Elena Ivanovna Deza (Елена Ивановна Деза, née Panteleeva; born 23 August 1961) is a French and Russian mathematician known for her books on metric spaces and figurate numbers.

==Education and career==
Deza was born on 23 August 1961 in Volgograd, and is a French and Russian citizen. She earned a diploma in mathematics in 1983, a candidate's degree (doctorate) in mathematics and physics in 1993, and a docent's certificate in number theory in 1995, all from Moscow State Pedagogical University.
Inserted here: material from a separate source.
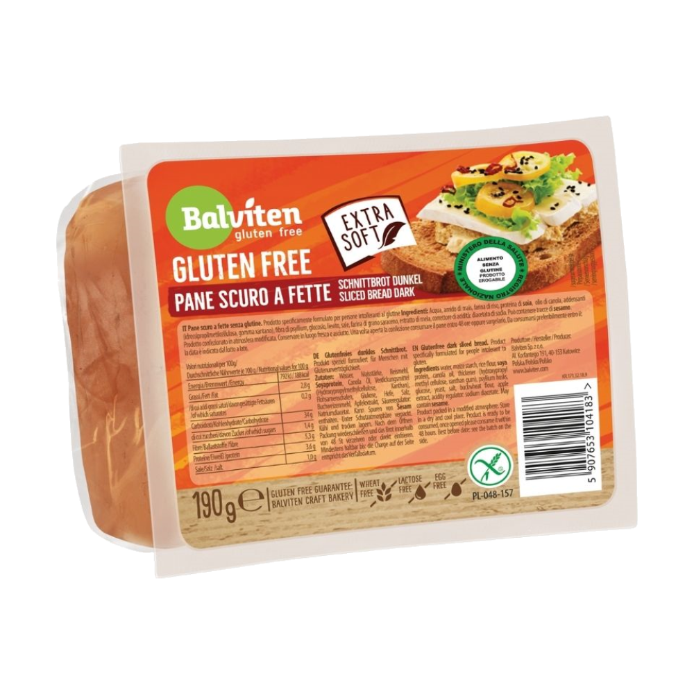 Sastojci: voda, kukuruzni škrob, rižino brašno, SOJINE bjelančevine, kanolino ulje, tvar za zgušnjavanje: hidroksipropil metil celulozda, ksantan guma; vlakna iz psyllium ljuskica, glukoza, kvasac, sol, heljdino brašno, ekstrakt jabuke, regulator kiselosti: natrijevi acetati. Može sadržavati SEZAM u tragovima. Prosječna hranjiva vrijednost na 100g: Energija 792 kJ / 188 kcal, masti 2,8g- od kojih zasićene masne kiseline 0,2g, ugljikohidrati 34g- od kojih šećeri 1,4g, vlakna 5,3g, bjelančevine 3,6g, sol 1g.

From 1983 to 1988, Deza was an assistant professor of mathematics at Moscow State Forest University. In 1988 she moved to Moscow State Pedagogical University; she became a lecturer there in 1993, a reader in 1994, and a full professor in 2006.

==Books==
As well as many Russian-language books, Deza's books include:
- Dictionary of Distances (with Michel Deza, Elsevier, 2006)
- Encyclopedia of Distances (with Michel Deza, Springer, 2009; 4th ed., 2016)
- Figurate Numbers (with Michel Deza, World Scientific, 2012)
- Generalizations of Finite Metrics and Cuts (with Michel Deza and Mathieu Dutour Sikirić, World Scientific, 2016)
- Mersenne Numbers and Fermat Numbers (World Scientific, 2021)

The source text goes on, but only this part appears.